Work required: Give the whole listing below once more, exactly, without pictures.

Data block:
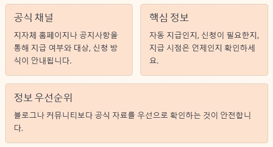 자동 지급인지, 신청이 필요한지, 지급 시점은 언제인지 같은 핵심 정보는 공식 자료에만 명확히 나옵니다. 블로그나 커뮤니티 정보보다 공지 기준을 우선으로 확인하는 것이 안전합니다.
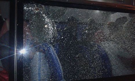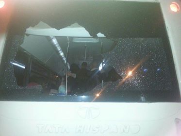 الذي أدى إلى تكسير مجموعة من النوافذ والواقيات الزجاجية للحافلتين، كما تظهر الصور،
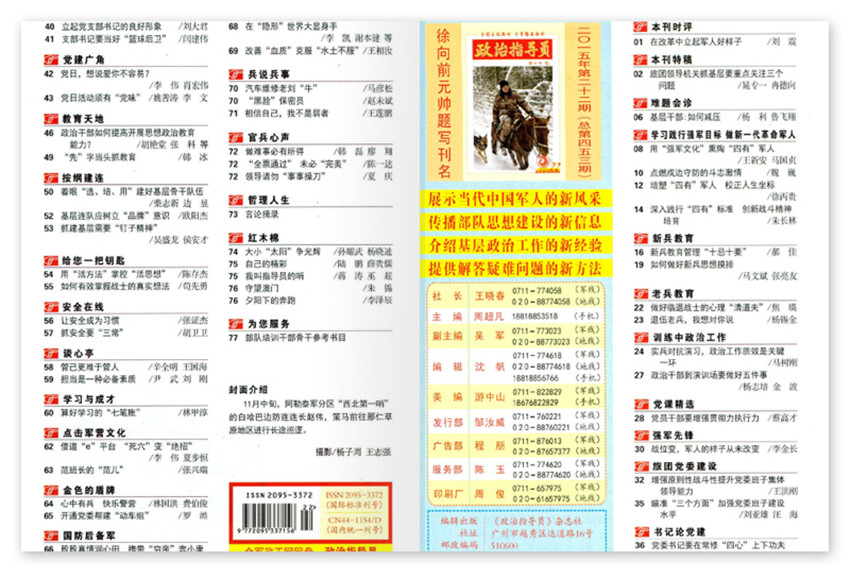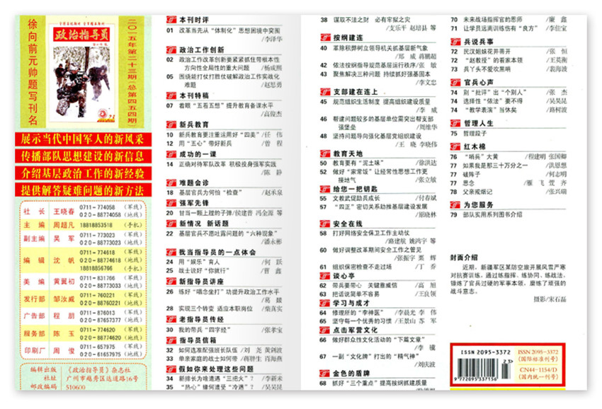 發(fā)行量大,在軍內(nèi)外擁有眾多的讀者,“哪里有部隊(duì),哪里就有《政治指導(dǎo)員》雜志。”實(shí)用性、指導(dǎo)性強(qiáng),是部隊(duì)官兵成長成才的良師益友。

Expected answer:
 자동 지급인지, 신청이 필요한지, 지급 시점은 언제인지 같은 핵심 정보는 공식 자료에만 명확히 나옵니다. 블로그나 커뮤니티 정보보다 공지 기준을 우선으로 확인하는 것이 안전합니다.
 الذي أدى إلى تكسير مجموعة من النوافذ والواقيات الزجاجية للحافلتين، كما تظهر الصور،
 發(fā)行量大,在軍內(nèi)外擁有眾多的讀者,“哪里有部隊(duì),哪里就有《政治指導(dǎo)員》雜志。”實(shí)用性、指導(dǎo)性強(qiáng),是部隊(duì)官兵成長成才的良師益友。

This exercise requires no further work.